Young people vulnerable to sex trafficking in Kentucky

LEXINGTON, Ky. (WTVQ)- ABC 36 first reported Monday about a tragic case: an 18-year-old accused of violently attacking a man while negotiating money for sex.

Police say 18-year-old Tara Musgrove robbed a man and would not let him go, holding him at knife point as she pushed him inside a car.

It made us consider the story behind the reported crime.

A sergeant at the Fayette County jail says Tara Musgrove does not want to tell ABC 36 her story, but it does make us wonder how many people are out there who are barely old enough to drive, not old enough to drink alcohol, but having sex for money.

Marissa Castellanos is the Human Trafficking Program Director at Catholic Charities of Louisville.

She says it is hard to track how many people are exploited into prostitution and other forms of commercial sex. Still, she says data shows in the U.S. between  100,000 and 300,000 kids are at risk every year.

“We might think initially that it’s an urban issue, but it’s happening in even the most rural parts of the state,” Castellanos said.

She says that is partially because sex trafficking has largely moved indoors and online.

“It is happening at an alarming rate, even given the fact that we’re identifying some cases,” Castellanos said.

According to Castellanos, demand is a root cause.
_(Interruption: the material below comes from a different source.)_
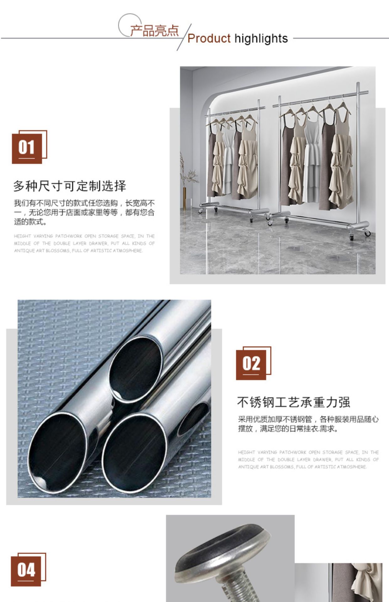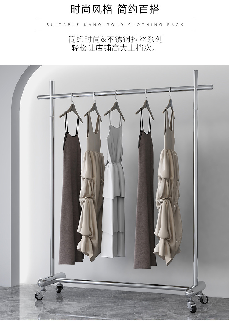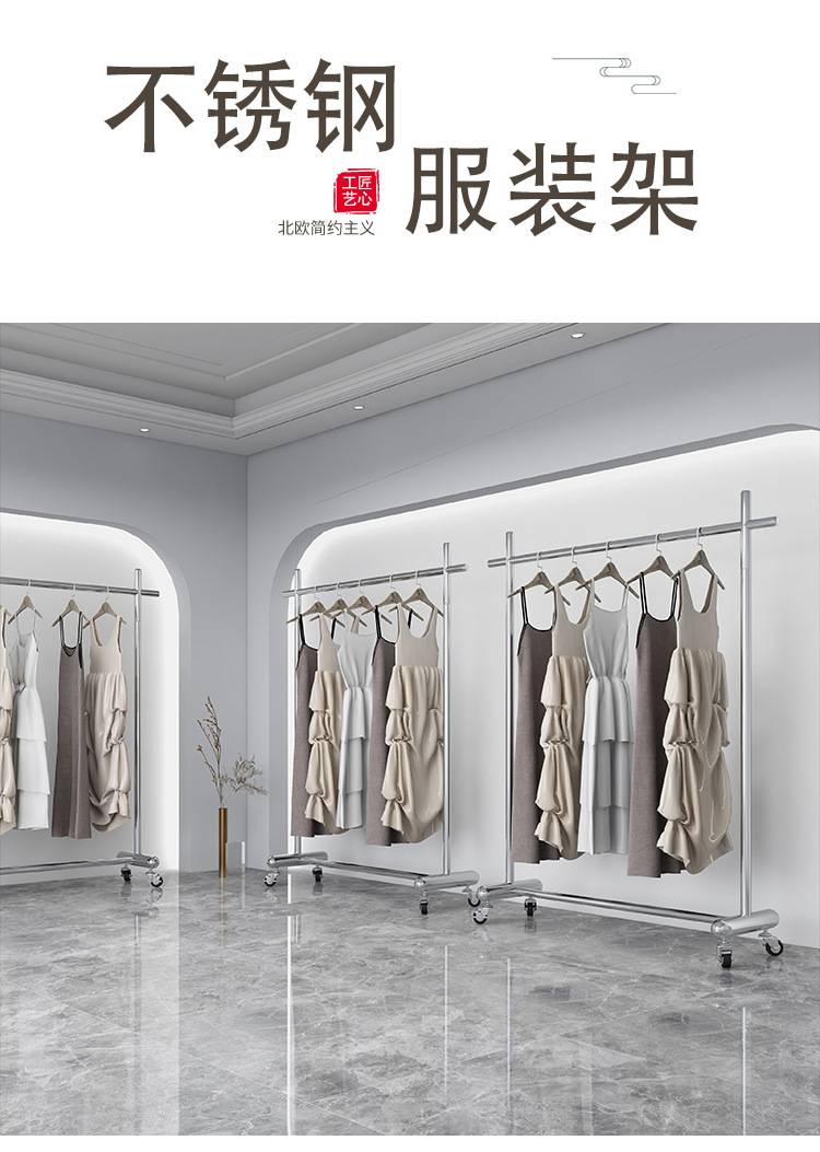 인터넷 연예인 여성 의류 매장 스테인레스 스틸 옷걸이 이동식 바퀴 달린 선반 거실 옷 교수형 막대 의류 매장 디스플레이 랙스토어 가기

“There’s money to be made so there are going to be people who sell women and children for sex,” Castellanos said.

Though people of all ages are trafficked, Castellanos says children and teens can be particularly vulnerable.

Traffickers sort of have a radar for vulnerability and they look for folks who are vulnerable to being exploited. It can be hard to acknowledge such an ugly part of our communities, but Castellanos says throughout the state, people she talks to always want to know more.

“The response I always get is, ‘I didn’t know. This is awful and what can I do to help?'”

Castellanos says a good first step is educating ourselves and our friends and families.

She says you can also change your purchasing habits to buy products that support victims, watch documentaries, educate young people, get involved in local non-profits, and be a foster parent to vulnerable children.

If you need help, contact the National Trafficking Hotline at 1 888 373 7888.